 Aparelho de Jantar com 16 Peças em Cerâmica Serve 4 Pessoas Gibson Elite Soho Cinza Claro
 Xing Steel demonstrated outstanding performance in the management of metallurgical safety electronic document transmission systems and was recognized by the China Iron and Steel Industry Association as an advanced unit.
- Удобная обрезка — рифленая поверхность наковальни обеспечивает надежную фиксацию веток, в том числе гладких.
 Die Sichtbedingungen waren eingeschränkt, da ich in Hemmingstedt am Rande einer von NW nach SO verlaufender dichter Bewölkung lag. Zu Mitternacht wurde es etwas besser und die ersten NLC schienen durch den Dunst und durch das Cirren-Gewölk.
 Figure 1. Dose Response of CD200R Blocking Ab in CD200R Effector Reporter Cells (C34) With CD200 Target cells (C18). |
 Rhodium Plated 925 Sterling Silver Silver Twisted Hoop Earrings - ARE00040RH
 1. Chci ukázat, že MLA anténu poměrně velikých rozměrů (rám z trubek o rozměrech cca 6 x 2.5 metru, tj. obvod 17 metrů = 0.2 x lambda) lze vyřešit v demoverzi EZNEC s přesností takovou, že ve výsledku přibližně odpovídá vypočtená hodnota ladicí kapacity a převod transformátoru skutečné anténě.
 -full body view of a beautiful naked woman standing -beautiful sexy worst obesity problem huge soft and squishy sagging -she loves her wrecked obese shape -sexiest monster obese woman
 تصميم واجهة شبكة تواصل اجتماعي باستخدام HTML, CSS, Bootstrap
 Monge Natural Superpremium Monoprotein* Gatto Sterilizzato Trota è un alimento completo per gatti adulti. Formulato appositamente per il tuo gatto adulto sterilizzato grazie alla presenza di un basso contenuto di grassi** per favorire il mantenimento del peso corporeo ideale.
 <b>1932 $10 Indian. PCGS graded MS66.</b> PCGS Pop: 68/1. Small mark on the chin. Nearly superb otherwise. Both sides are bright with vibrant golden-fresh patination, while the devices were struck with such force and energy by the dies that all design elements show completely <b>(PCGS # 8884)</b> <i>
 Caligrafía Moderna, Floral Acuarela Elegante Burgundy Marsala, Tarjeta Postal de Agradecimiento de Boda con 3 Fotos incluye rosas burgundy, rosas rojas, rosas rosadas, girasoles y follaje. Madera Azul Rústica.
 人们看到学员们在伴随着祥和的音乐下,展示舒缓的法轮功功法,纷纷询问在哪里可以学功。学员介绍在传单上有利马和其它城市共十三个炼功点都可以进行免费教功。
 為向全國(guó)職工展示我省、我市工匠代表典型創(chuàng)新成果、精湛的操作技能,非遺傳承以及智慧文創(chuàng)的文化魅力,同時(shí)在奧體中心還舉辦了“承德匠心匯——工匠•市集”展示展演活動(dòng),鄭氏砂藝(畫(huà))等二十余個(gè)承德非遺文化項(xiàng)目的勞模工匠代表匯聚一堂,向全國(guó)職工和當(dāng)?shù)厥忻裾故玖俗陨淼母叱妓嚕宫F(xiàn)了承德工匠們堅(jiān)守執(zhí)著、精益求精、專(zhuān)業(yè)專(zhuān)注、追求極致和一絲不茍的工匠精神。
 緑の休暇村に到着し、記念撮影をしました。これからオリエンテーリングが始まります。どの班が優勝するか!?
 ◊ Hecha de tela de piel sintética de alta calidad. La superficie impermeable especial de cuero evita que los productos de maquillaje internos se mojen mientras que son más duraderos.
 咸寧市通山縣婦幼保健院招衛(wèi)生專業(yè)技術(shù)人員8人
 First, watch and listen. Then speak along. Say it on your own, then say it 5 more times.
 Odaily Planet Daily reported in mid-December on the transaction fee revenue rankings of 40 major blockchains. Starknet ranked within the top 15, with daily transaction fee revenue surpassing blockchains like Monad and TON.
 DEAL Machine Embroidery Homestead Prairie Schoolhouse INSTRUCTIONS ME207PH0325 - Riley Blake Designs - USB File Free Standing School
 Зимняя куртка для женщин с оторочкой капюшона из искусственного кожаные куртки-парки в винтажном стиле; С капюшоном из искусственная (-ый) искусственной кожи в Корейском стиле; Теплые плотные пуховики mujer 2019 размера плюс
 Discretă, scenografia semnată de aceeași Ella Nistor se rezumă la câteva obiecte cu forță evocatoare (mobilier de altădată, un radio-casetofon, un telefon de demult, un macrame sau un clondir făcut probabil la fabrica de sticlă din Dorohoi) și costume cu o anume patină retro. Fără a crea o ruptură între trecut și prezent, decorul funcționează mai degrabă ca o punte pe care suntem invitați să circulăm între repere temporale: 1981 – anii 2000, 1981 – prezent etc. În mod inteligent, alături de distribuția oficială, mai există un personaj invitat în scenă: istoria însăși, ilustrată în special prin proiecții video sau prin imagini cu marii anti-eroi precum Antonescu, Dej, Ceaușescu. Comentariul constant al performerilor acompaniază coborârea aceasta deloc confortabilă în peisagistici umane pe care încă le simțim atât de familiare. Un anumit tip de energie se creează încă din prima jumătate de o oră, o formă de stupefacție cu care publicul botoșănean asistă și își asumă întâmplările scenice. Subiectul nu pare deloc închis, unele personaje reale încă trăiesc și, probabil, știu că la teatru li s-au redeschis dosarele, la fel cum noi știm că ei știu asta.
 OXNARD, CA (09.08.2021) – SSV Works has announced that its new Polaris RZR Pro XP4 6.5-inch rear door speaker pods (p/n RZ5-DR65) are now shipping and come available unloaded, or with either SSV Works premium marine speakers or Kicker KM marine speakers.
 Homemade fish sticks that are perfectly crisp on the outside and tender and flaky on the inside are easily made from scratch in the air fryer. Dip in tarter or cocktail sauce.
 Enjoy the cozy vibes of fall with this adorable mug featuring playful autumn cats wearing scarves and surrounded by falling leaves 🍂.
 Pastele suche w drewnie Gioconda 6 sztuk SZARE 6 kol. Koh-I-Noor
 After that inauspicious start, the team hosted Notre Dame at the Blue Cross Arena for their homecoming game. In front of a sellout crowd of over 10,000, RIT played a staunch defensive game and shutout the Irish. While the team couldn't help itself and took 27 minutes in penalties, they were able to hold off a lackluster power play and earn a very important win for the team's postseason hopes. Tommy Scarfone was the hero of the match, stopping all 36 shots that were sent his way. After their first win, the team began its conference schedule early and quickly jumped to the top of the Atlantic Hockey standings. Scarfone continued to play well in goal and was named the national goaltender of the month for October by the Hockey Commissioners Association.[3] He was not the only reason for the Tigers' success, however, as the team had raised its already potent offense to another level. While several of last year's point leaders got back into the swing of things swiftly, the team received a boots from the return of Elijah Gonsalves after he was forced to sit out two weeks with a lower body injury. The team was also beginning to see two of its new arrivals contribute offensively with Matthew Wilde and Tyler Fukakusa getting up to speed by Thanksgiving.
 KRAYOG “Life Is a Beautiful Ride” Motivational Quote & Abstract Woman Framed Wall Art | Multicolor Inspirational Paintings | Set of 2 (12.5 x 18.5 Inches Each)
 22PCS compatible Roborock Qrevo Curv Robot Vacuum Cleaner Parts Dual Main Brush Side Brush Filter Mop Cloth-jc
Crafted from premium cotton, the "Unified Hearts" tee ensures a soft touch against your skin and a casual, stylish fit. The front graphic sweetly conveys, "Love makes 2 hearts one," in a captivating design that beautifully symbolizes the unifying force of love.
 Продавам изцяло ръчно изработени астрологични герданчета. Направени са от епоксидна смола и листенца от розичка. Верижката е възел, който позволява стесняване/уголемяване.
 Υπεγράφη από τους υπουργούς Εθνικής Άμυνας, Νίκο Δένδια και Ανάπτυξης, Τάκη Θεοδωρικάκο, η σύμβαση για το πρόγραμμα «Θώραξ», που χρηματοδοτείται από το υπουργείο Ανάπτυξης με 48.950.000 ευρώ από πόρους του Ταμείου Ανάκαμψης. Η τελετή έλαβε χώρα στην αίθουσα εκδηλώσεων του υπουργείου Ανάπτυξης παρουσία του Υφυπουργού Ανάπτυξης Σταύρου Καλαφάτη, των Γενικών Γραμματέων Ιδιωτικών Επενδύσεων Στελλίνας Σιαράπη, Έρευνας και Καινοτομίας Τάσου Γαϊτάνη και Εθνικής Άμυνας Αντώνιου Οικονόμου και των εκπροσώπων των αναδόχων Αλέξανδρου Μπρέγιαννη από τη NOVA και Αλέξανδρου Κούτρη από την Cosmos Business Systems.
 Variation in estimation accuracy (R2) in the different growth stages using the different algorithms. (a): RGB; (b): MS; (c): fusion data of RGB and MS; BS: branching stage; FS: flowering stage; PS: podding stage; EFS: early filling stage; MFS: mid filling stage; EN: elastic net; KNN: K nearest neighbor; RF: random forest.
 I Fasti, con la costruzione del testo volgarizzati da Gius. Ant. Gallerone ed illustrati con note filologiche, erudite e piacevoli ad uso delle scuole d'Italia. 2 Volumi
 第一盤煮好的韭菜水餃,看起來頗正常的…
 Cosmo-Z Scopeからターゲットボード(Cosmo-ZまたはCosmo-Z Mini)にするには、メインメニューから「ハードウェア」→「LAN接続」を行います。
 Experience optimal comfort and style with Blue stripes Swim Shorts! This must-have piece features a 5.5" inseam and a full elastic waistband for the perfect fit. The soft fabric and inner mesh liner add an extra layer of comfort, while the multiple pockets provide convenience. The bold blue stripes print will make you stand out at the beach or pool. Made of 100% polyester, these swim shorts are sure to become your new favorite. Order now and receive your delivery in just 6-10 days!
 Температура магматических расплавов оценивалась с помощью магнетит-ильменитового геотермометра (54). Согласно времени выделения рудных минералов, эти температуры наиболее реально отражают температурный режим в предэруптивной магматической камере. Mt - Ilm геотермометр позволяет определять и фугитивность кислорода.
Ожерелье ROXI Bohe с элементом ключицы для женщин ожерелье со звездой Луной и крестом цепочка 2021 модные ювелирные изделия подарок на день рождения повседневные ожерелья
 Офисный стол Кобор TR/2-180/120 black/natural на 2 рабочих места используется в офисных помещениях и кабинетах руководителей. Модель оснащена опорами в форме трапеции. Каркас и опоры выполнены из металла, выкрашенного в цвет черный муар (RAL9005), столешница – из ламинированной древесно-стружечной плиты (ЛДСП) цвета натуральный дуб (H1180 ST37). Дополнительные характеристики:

_ _ _ _ _ _ _

_WHAT THE EXERCISE ASKS:_
In the listing above, locate the line containing "-full body view" and the line containing "son más duraderos.". Transcribe those two lines and everything between them, exactly as written.

_REPLY TO THE TASK:_
 -full body view of a beautiful naked woman standing -beautiful sexy worst obesity problem huge soft and squishy sagging -she loves her wrecked obese shape -sexiest monster obese woman
 تصميم واجهة شبكة تواصل اجتماعي باستخدام HTML, CSS, Bootstrap
 Monge Natural Superpremium Monoprotein* Gatto Sterilizzato Trota è un alimento completo per gatti adulti. Formulato appositamente per il tuo gatto adulto sterilizzato grazie alla presenza di un basso contenuto di grassi** per favorire il mantenimento del peso corporeo ideale.
 <b>1932 $10 Indian. PCGS graded MS66.</b> PCGS Pop: 68/1. Small mark on the chin. Nearly superb otherwise. Both sides are bright with vibrant golden-fresh patination, while the devices were struck with such force and energy by the dies that all design elements show completely <b>(PCGS # 8884)</b> <i>
 Caligrafía Moderna, Floral Acuarela Elegante Burgundy Marsala, Tarjeta Postal de Agradecimiento de Boda con 3 Fotos incluye rosas burgundy, rosas rojas, rosas rosadas, girasoles y follaje. Madera Azul Rústica.
 人们看到学员们在伴随着祥和的音乐下,展示舒缓的法轮功功法,纷纷询问在哪里可以学功。学员介绍在传单上有利马和其它城市共十三个炼功点都可以进行免费教功。
 為向全國(guó)職工展示我省、我市工匠代表典型創(chuàng)新成果、精湛的操作技能,非遺傳承以及智慧文創(chuàng)的文化魅力,同時(shí)在奧體中心還舉辦了“承德匠心匯——工匠•市集”展示展演活動(dòng),鄭氏砂藝(畫(huà))等二十余個(gè)承德非遺文化項(xiàng)目的勞模工匠代表匯聚一堂,向全國(guó)職工和當(dāng)?shù)厥忻裾故玖俗陨淼母叱妓嚕宫F(xiàn)了承德工匠們堅(jiān)守執(zhí)著、精益求精、專(zhuān)業(yè)專(zhuān)注、追求極致和一絲不茍的工匠精神。
 緑の休暇村に到着し、記念撮影をしました。これからオリエンテーリングが始まります。どの班が優勝するか!?
 ◊ Hecha de tela de piel sintética de alta calidad. La superficie impermeable especial de cuero evita que los productos de maquillaje internos se mojen mientras que son más duraderos.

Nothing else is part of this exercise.